*Instructions for the task*.
In the data below, find the line with "Paslanmaz Çelik Camlı" and output it along with every later line, exactly, but not the pictures.

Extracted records
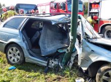 W alei Stanów Zjednoczonych na Pradze-Południe w kierunku Ostrobramskiej doszło do zderzenia dwóch samochodów osobowych marki lexus i BMW. Po zderzeniu BMW padło na latarnię. W pojeździe zakleszczony
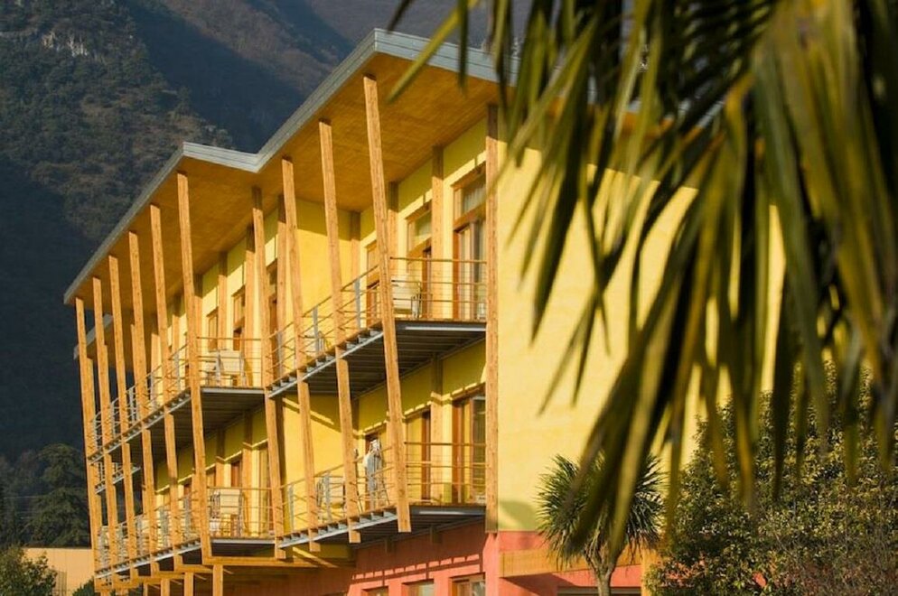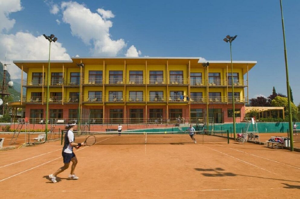 СПОРТ И ДОСУГ ОТЕЛЬ Новый климатический отель, построенный согласно критериям экостроительства, расположен недалеко от центра Рива дель Гарда в спортивном комплексе, утопающем в зелени, с бассейнами, теннисными кортами, сквошем, фитнес-клубом и прокатом МТБ. Отель располагает 40 комфортабельными номерами с двумя санузлами, балконом, LCD спутниковым телевидением, мини-баром и бесплатным Wi-Fi.
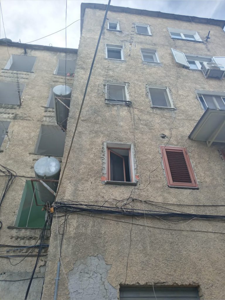 Pallati ky ata jetojnë, i cili mbart nurmin 163, është ndër më të dëmtuarit në këtë zonë, aq sa banorët kanë frikë edhe të hyjnë për nevojat personale. Pothuajse të gjitha dhomat kanë pësuar shembje të suvasë dhe çarje të rënda në mure. Banorët qëndrojnë prej tre ditësh në ankth mes të ftohtit, duke u endur sa andej këtej nëpër oborrin e vogël.
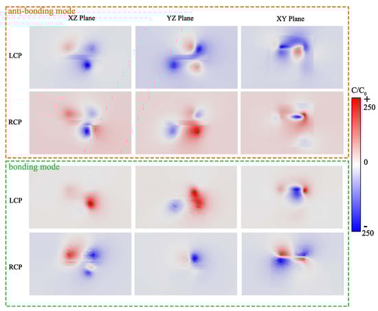 The field distributions of anti-bonding mode and bonding mode under RCP and LCP excitations, respectively.
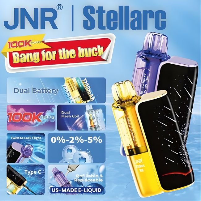 JNR STELLARC 5% DISPOSABLE KIT (150ML) 100K PUFFS 5CT/ BOX (2 BOTTLES OF E-LIQ INCLUDED)
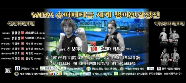 버팔로프로모션은 이달 17일 부산 해운대 벡스코 특설링서 신보미레(신길권투)와 루핀더 카우르(인도)가 WIBA(세계여자복싱협회) 슈퍼페더급(58.97㎏) 타이틀매치를 벌인다고 15일 밝혔다.
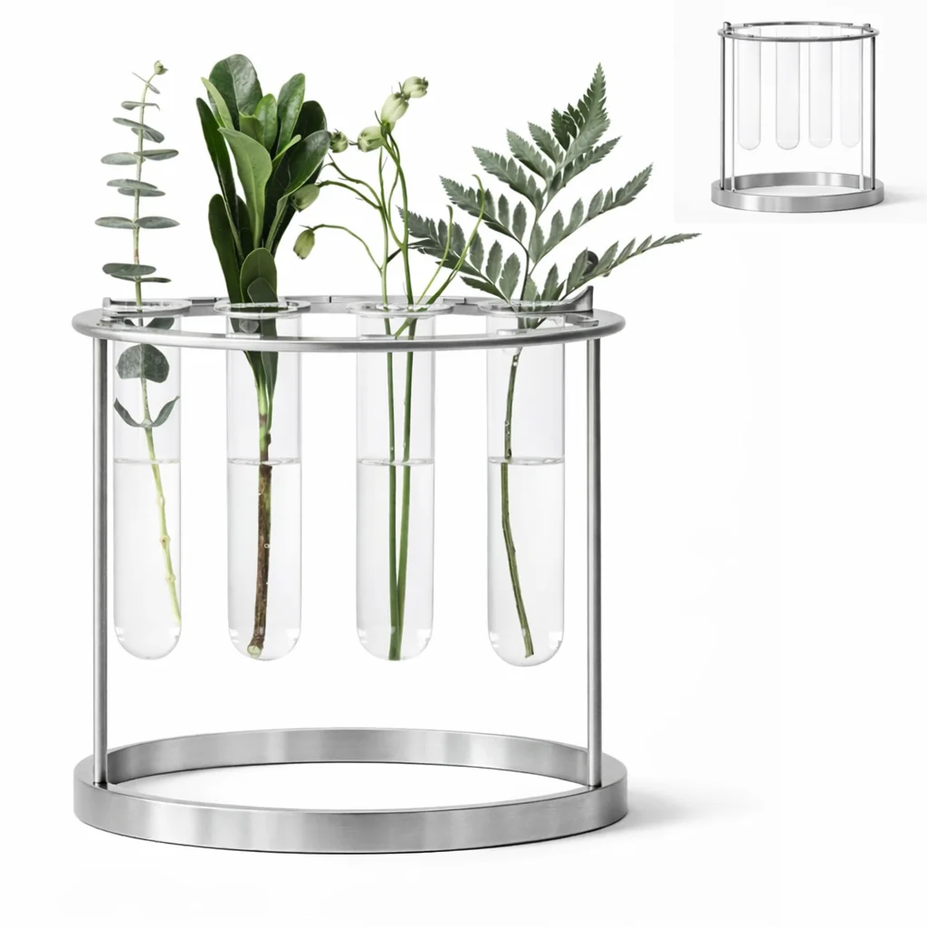 Paslanmaz Çelik Camlı Çiçeklik, laboratuvar tüp formundan ilham alan cam hazneleri ve modern metal taşıyıcısıyla mekâna yalın ama sofistike bir görünüm kazandırır.
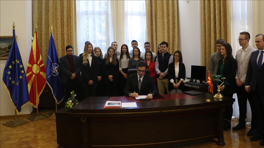 Presidenti i Republikës së Maqedonisë së Veriut, Stevo Pendarovski, sot nënshkroi dekretin për shpalljen e Ligjit për ratifikimin e Marrëveshjes Veriatlantike,  (AA).

*The answer*.
 Paslanmaz Çelik Camlı Çiçeklik, laboratuvar tüp formundan ilham alan cam hazneleri ve modern metal taşıyıcısıyla mekâna yalın ama sofistike bir görünüm kazandırır.
 Presidenti i Republikës së Maqedonisë së Veriut, Stevo Pendarovski, sot nënshkroi dekretin për shpalljen e Ligjit për ratifikimin e Marrëveshjes Veriatlantike,  (AA).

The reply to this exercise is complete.